C'est le début d'une théâtralisation effrénée de notre vie. Ici fête et folie s'entremêlent. Plaisir et psychose se marient. Le ludique et le létal s'entrechoquent pour donner naissance au monde arabe, monde ya intérêt, monde ya nko. La ville cesse d'être ville pour devenir une forêt «Zamba playa» et les humains cessent d'être des humains pour n'être que des banyama avec un «De la forêt» comme «mokonzi ya ba nyama». Ici on ne réfléchit plus! On est tous à la queue leu leu. Les barrières d'âge n'existent plus. Les fioti-fioti sont sur scène. Les kamuke sukali sont les nouvelles Mamy Watta, les femmes fatales aux attraits sexuels des jeunes vierges. C'est la folie de Mama apesa sima, Papa apesa tonga. Et la guitare d'accompagner des gestes du dessous de la ceinture qui ne se gênent plus : Twi Twi ! C'est la frénésie du string ce «singa mabe» qui rend aveugle et vous ensorcelle.

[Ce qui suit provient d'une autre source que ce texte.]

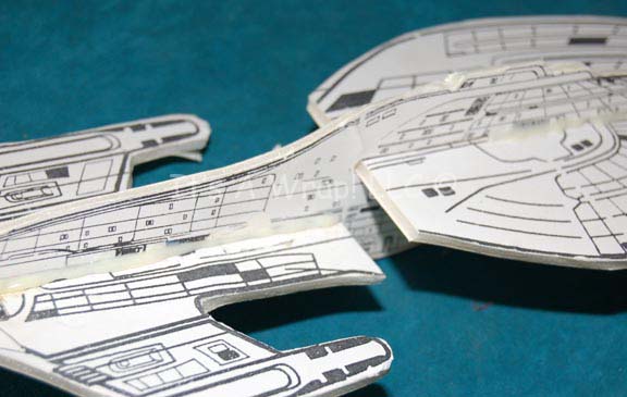 Description: A white foam core fashioned camera test model miniature of an Intrepid-Class ship like “USS Voyager” like those appearing in various episodes of Star Trek: Voyager. The item is composed of glued together sections of fashioned white foam core with graphical details adhered on the dorsal side for detail. The item measures approx. 14 X 5.75 X 3 inches.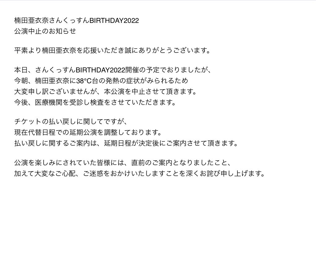 さんくっすんBIRTHDAYを楽しみにされていた皆様、申し訳ございません。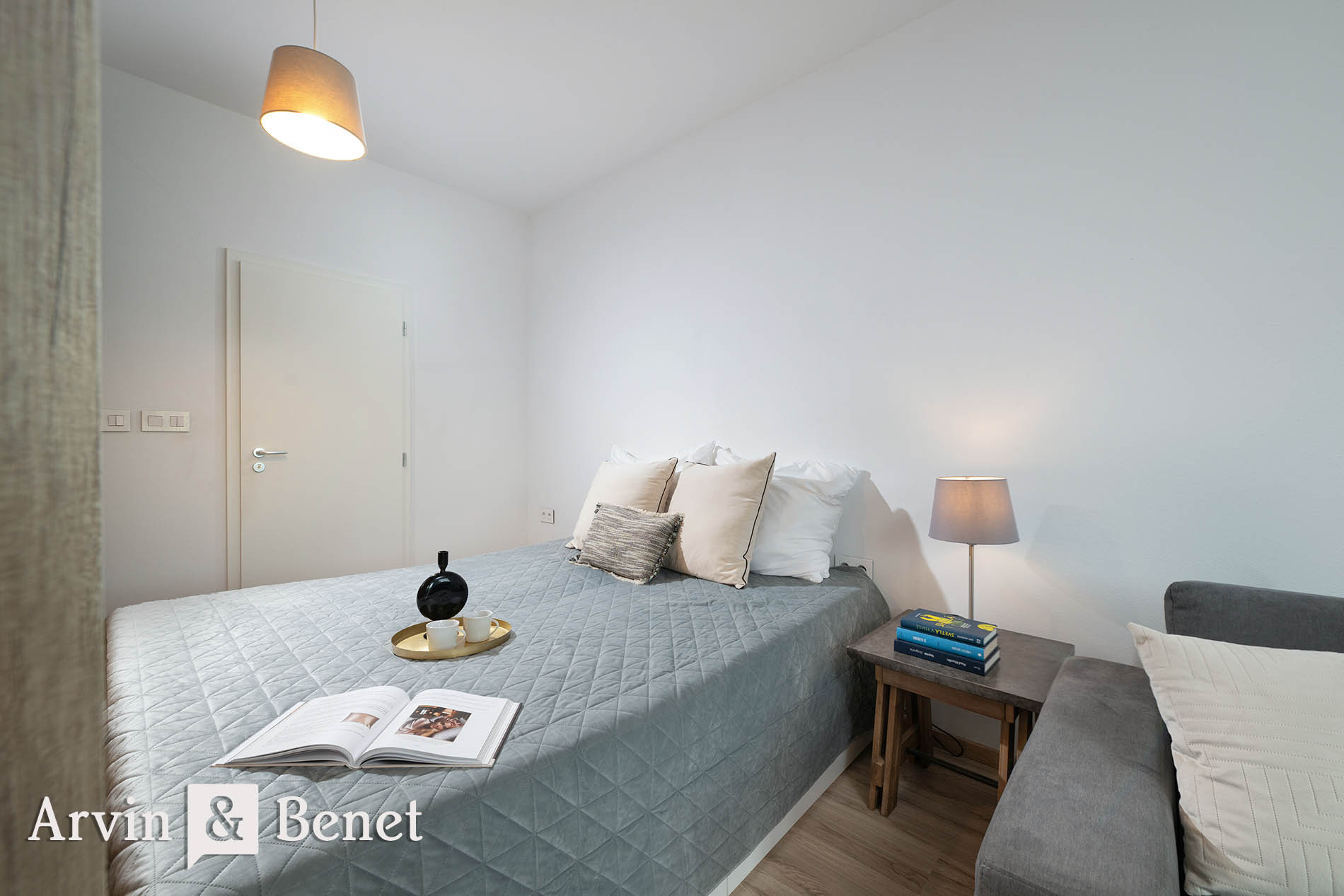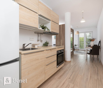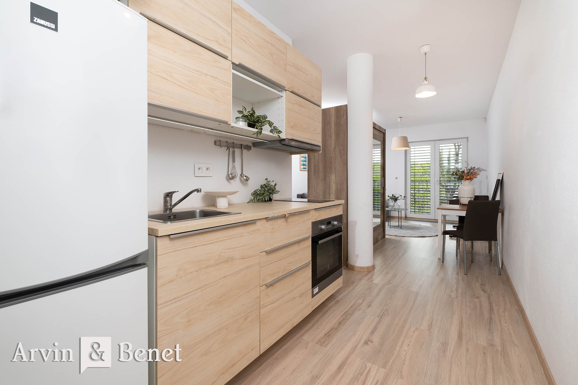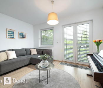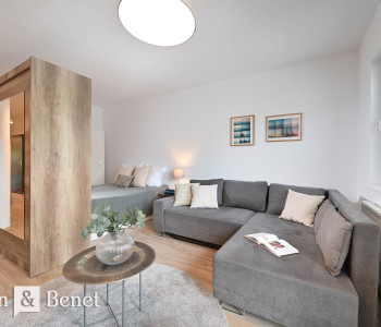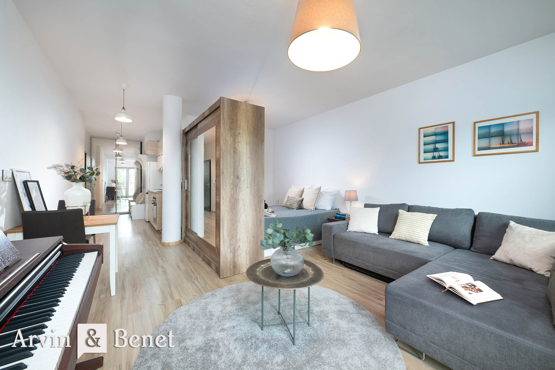 Po vstupe do bytu vás privíta svetlá chodba s dostatkom úložného priestoru, ktorá plynule prechádza do dennej časti. Dispozícia je navrhnutá veľmi nadčasovo a otvorene, čím byt pôsobí oveľa väčším dojmom. Hlavnú časť bytu tvorí priestranná obývacia izba, v ktorej sa nachádza pohodlné rohové sedenie a jedálenský kút. Unikátnym prvkom je optické oddelenie spacej časti pomocou centrálne umiestnenej šatníkovej skrine so zrkadlom. Francúzske balkónové dvere do miestnosti vnášajú prirodzené svetlo a prepájajú interiér s okolitou zeleňou. Kuchyňa je riešená pozdĺžnou linkou v modernom svetlom dekore s kvalitnými spotrebičmi, pričom poskytuje dostatok pracovnej plochy pre každého nadšenca varenia. Kúpeľni dominuje praktický sprchový kút a elegantný obklad v zemitých farbách.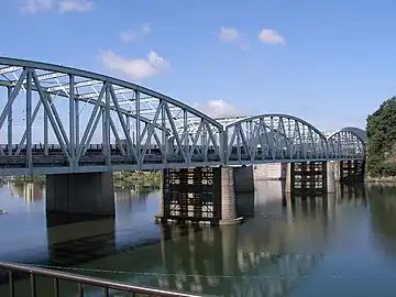 The Inuyama Bridge is a bridge over the Kiso River in Japan. It is an laced steel truss bridge which connects Kakamigahara in the Gifu Prefecture with Inuyama in the Aichi Prefecture. Meitetsu Inuyama Line runs on it.

Ici, dans le monde du miroir cassé, il n'y a pas de morale ni d'éthique au sens où le commun des mortels l'entend. On est dans une situation de combat mortel où danse, sexe, mort, ruine et jugement trouvent leur plénitude dans la danse «salle de mort» où les danseuses et danseurs miment les gestes mécaniques des zombies comme pour s'exorciser de la mort. Mieux le nkila monkroso qui apparaît sur la scène musicale reste très proche des nombreuses séances d'exorcisme de nos Eglises de réveil.

Dans un effort vain mais voulu permanent comme en signe de protestation et de résistance, la musique ici est thérapie. Elle tente par tous les moyens de se débarrasser de la poussière, de la pauvreté et de Satan qui ont envahi notre corps physique, mental et social.

Mais comment y arriver dans un monde devenu mystique au point de devenir une bombe atomique? Comment y arriver dans un monde devenu fou au point que notre musique ne peut plus s'empêcher de crier à nos oreilles de sourd: Aaaa mokili ango liboma eee Le monde est fou Le monde est fou !

Fou, notre monde l'est devenu et folle notre musique l'est aussi, ballottée entre le miroir cassé et le miroir recollé.

Où aller depuis que nous avons tous réalisé que baye bakendeki na poto bakweya na désert. L'ailleurs n'est plus que chimère. L'Europe n'est que source de problèmes. C'est un vide fait de facture d'eau, de gaz, d'électricité, de problème de papier, etc. Plus personne n'a envie de connaître les problèmes de «Mukalenga».

Où sont tous ceux sur lesquels nous faisons ce discours aujourd'hui ? Où sont les musiciens, les musiciennes, producteurs et productrices de cette musique dans la salle? Ils et elles sont absents et on se demande s'ils se sentent concernés par ce discours. Où sont les propriétaires des chaînes de télévision, producteurs attitrés de cette musique dont nous parlons aujourd'hui?

Fort de ce vide, je ne peux que me mettre debout et en rang avec tous les autres mélomanes pour chanter notre identité brisée à travers l'hymne du Congolais renouvelé : Aza mwana Congo ee Aza mwana Congo Ayaye monoee yayee Aza mwana Congo.